March 3, 2018 / New York Times

https://www.nytimes.com/2018/03/03/opinion/sunday/species-conservation-extinction.html


The most striking fact about the living environment may be how little we know about it. Even the number of living species can be only roughly calculated. A widely accepted estimate by scientists puts the number at about 10 million. In contrast, those formally described, classified and given two-part Latinized names (Homo sapiens for humans, for example) number slightly more than two million. With only about 20 percent of its species known and 80 percent undiscovered, it is fair to call Earth a little-known planet.


  • To effectively manage protected habitats, we must also learn more about all the species of our planet and their interactions within ecosystems.

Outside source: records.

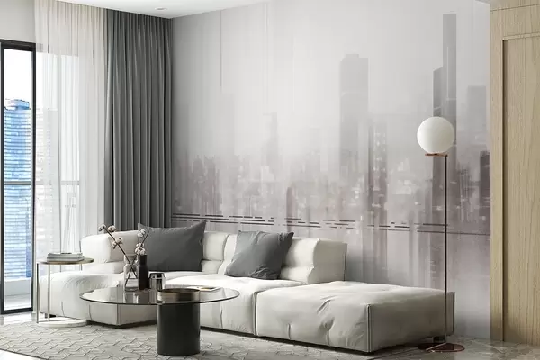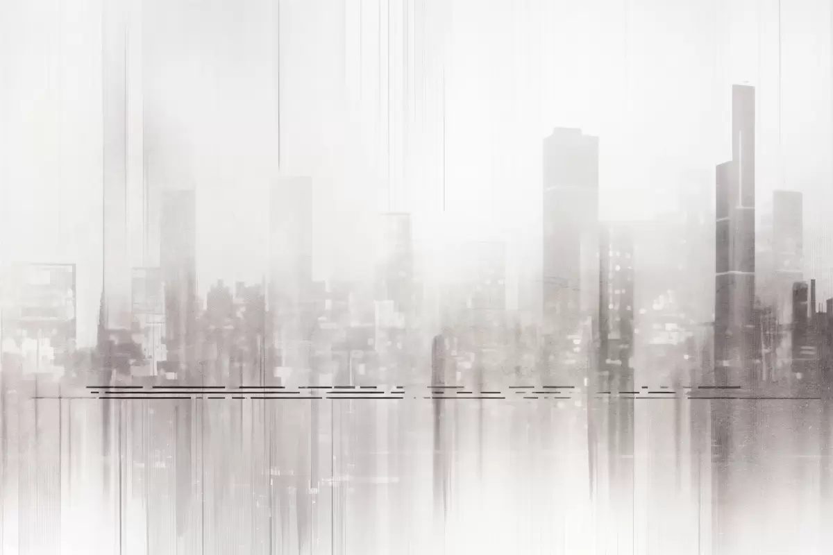 Fototapet Abstrakt texturerad stadsbild med höga byggnader och remsor, i nyanser av grått och vitt, vilket skapar en dimmig effekt Nr. w09119
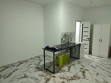 - Кухонная зона: столешница из темного камня/ДСП, круглая мойка с высоким изливом, фартук с мраморным рисунком, розетки над рабочей поверхностью, барная стойка/рабочий стол на металлических опорах, два табурета.
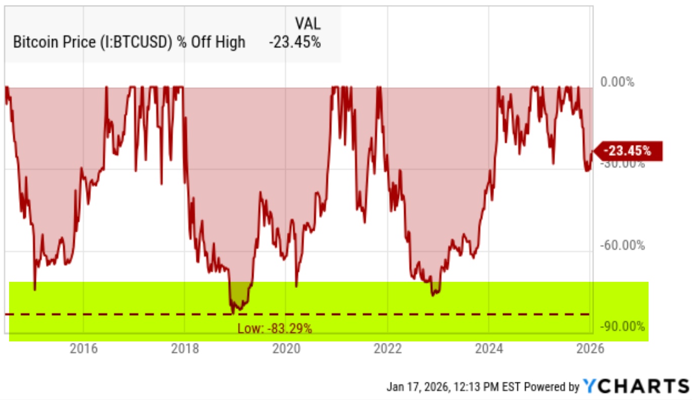 Bitcoin is a very risky asset. Yes, it's also very volatile, but we define risk in real, absolute terms: drawdowns. As evidenced by YCharts, Bitcoin has spent much of its trend in deep drawdowns as high as -83%.
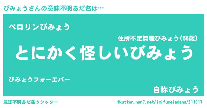 | ヒーロー風カッコイイあだ名 | 『幻影騎士ビミ』『スーパービミョウ』 |
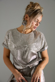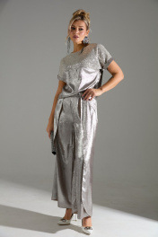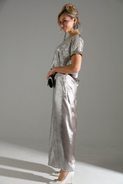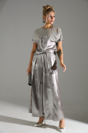 Комплект 2-ка из лёгкой ткани, состоящий из блузки и брюк. Блузка свободного объёма с короткими цельнокроеными рукавами с подворотами. Вырез горловины круглый. По переду подрез ниже линии груди. Верх блузки по переду выполнен из ткани расшитой пайетками. Широкие брюки-кюлоты свободного оригинального кроя с застёжкой на пуговицы. Без карманов.
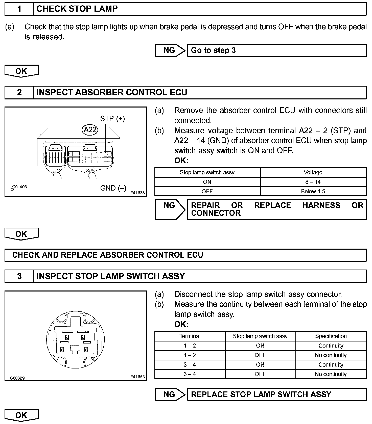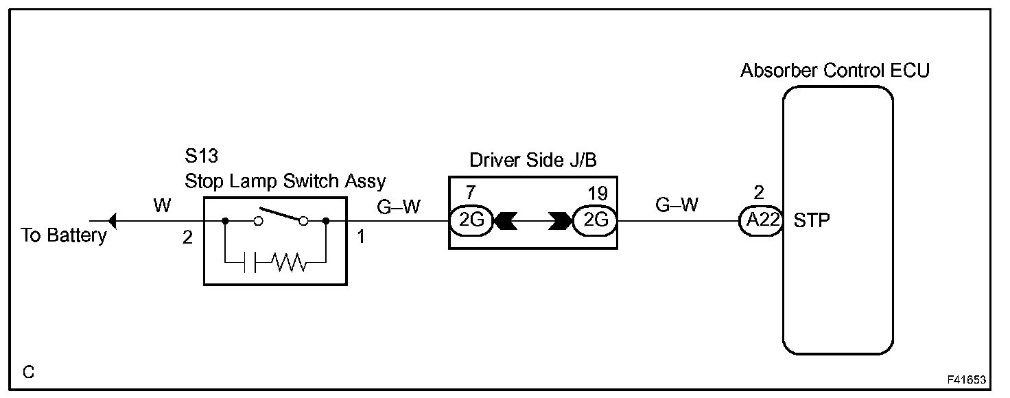 When the brake pedal is depressed, the stop lamp goes on and the signal is input to the STP terminal of absorber control ECU.

The best-explored groups of organisms are the vertebrates (mammals, birds, reptiles, amphibians, fishes), along with plants, especially trees and shrubs. Being conspicuous, they are what we familiarly call “wildlife.” A great majority of other species, however, are by far also the most abundant. I like to call them “the little things that run the world.” They teem everywhere, in great number and variety in and on all plants, throughout the soil at our feet and in the air around us. They are the protists, fungi, insects, crustaceans, spiders, pauropods, centipedes, mites, nematodes and legions of others whose scientific names are seldom heard by the bulk of humanity. In the sea and along its shores swarm organisms of the other living world — marine diatoms, crustaceans, ascidians, sea hares, priapulids, coral, loriciferans and on through the still mostly unfilled encyclopedia of life.

Do not call these organisms “bugs” or “critters.” They too are wildlife. Let us learn their correct names and care about their safety. Their existence makes possible our own. We are wholly dependent on them.